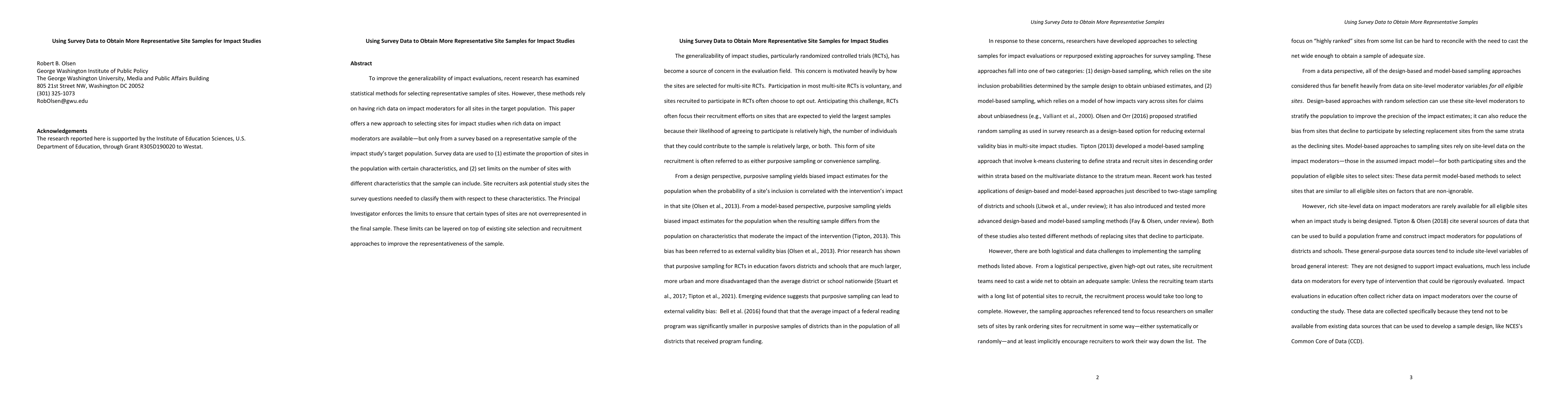 This paper proposes a new method for selecting representative site samples for impact studies using survey data, estimating site characteristics and setting limits to avoid overrepresentation of certain types of sites, thereby enhancing the generalizability of impact evaluations.
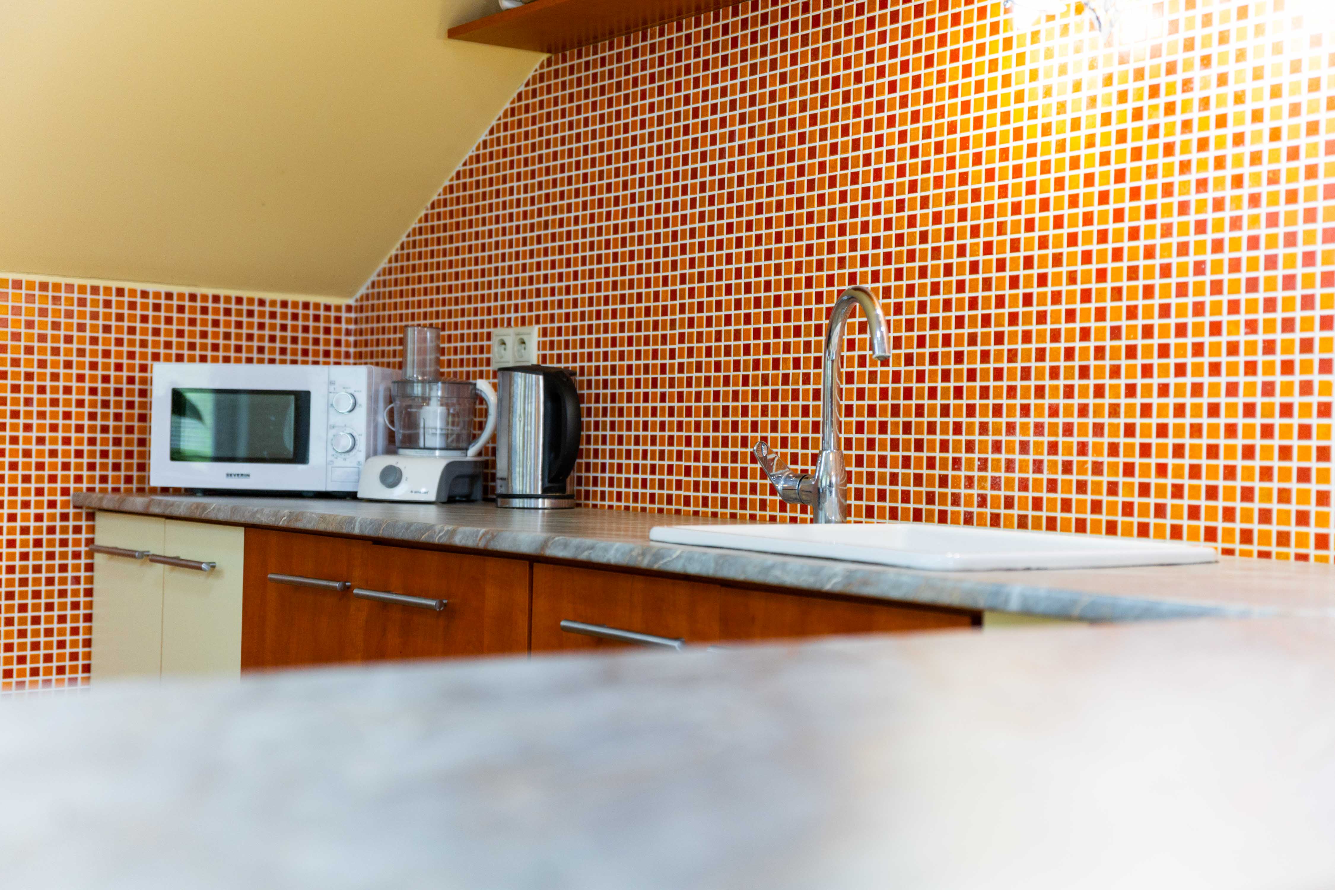 Gastro-prevádzka zahŕňa recepciu, profesionálne vybavenú kuchyňu, kanceláriu, skladové priestory, toalety a výstup na krytú terasu s možnosťou sedenia.
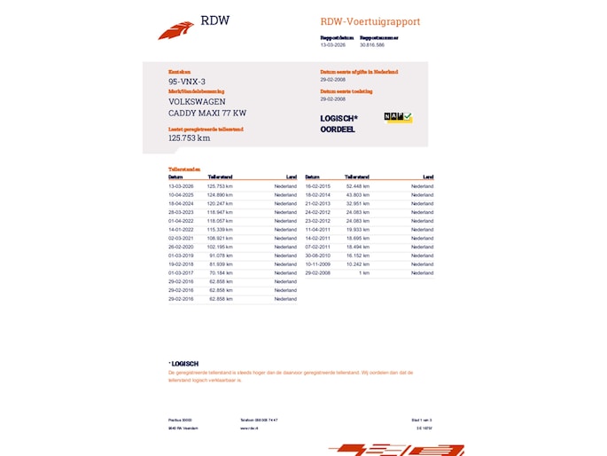 De afgelezen kilometerstand kunnen wij enkel garanderen bij een logisch NAP rapport.
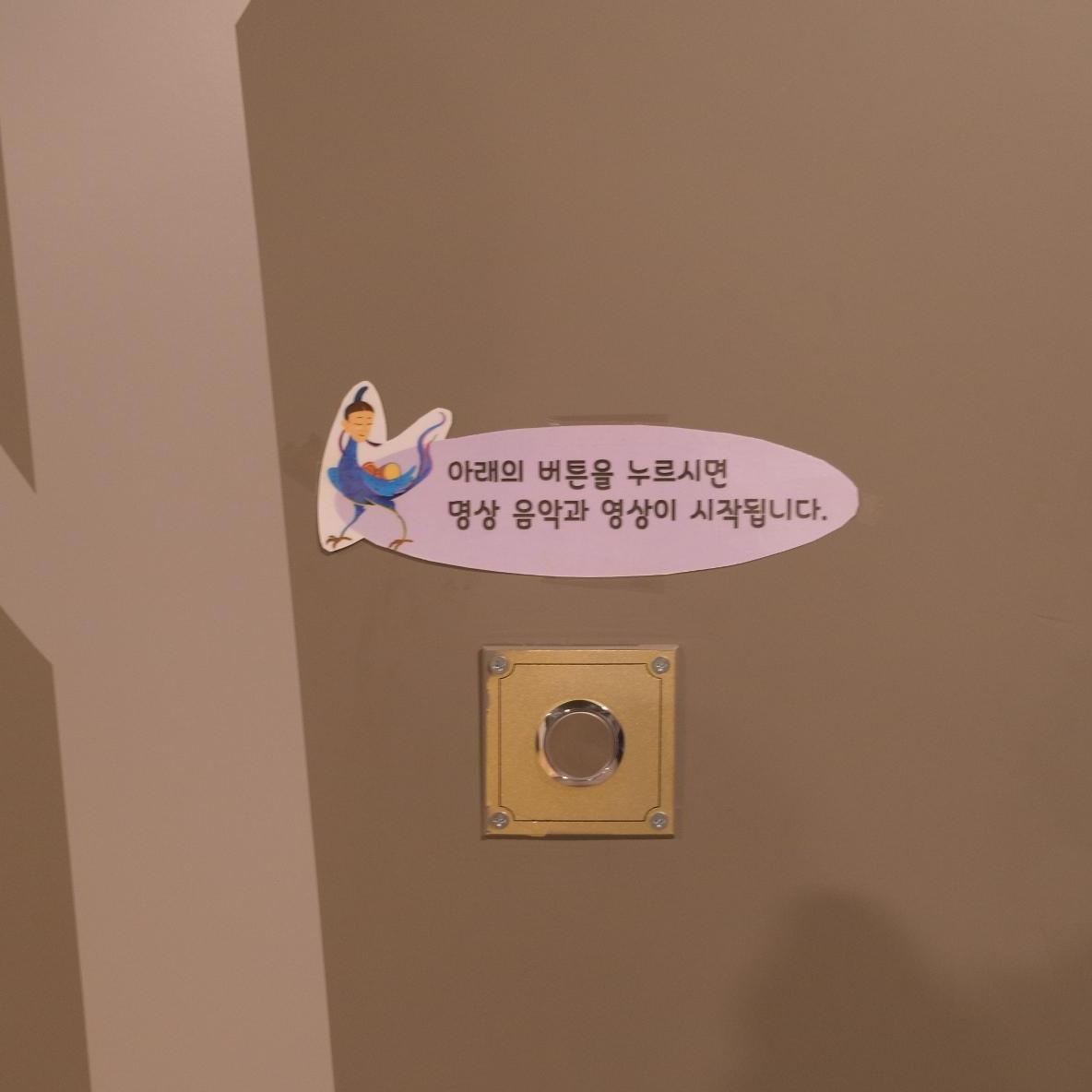벽에 있는 버튼을 누르면 명상음악과 금동대향로 사진이 나왔어요 ㅋ
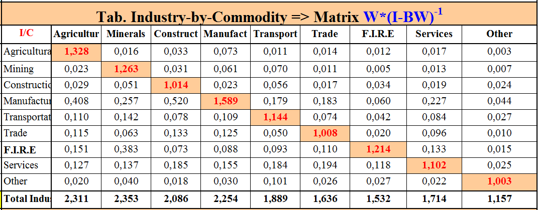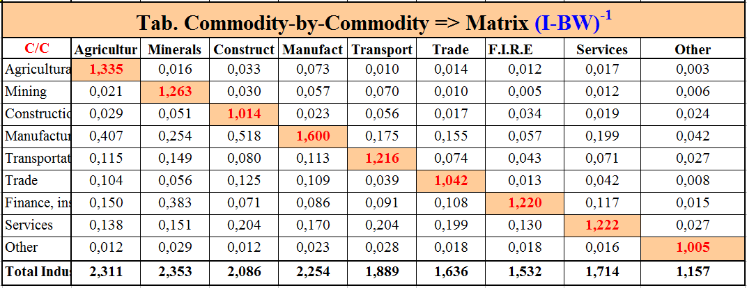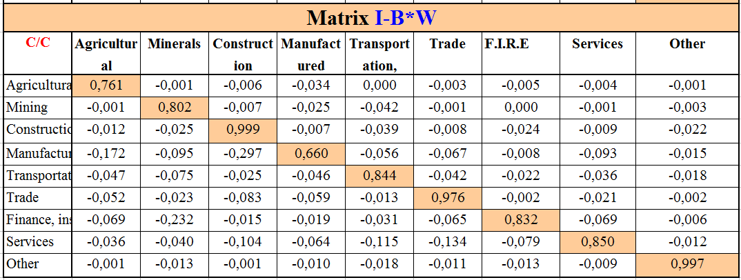 Это обратная матрица, чтобы получить таблицу полных затрат для модели товар-товаром (Commodity-by-Commodity), (см. Matrix (I-BW)-1)

● Exercise instructions:
The answer must be an exact copy of the lines from the one that holds "벽에 있는 버튼을 누르면 명상음악과 금동대향로 사진이 나왔어요 ㅋ" through the end of the data, both included, with no pictures.

● Result of the exercise:
벽에 있는 버튼을 누르면 명상음악과 금동대향로 사진이 나왔어요 ㅋ
 Это обратная матрица, чтобы получить таблицу полных затрат для модели товар-товаром (Commodity-by-Commodity), (см. Matrix (I-BW)-1)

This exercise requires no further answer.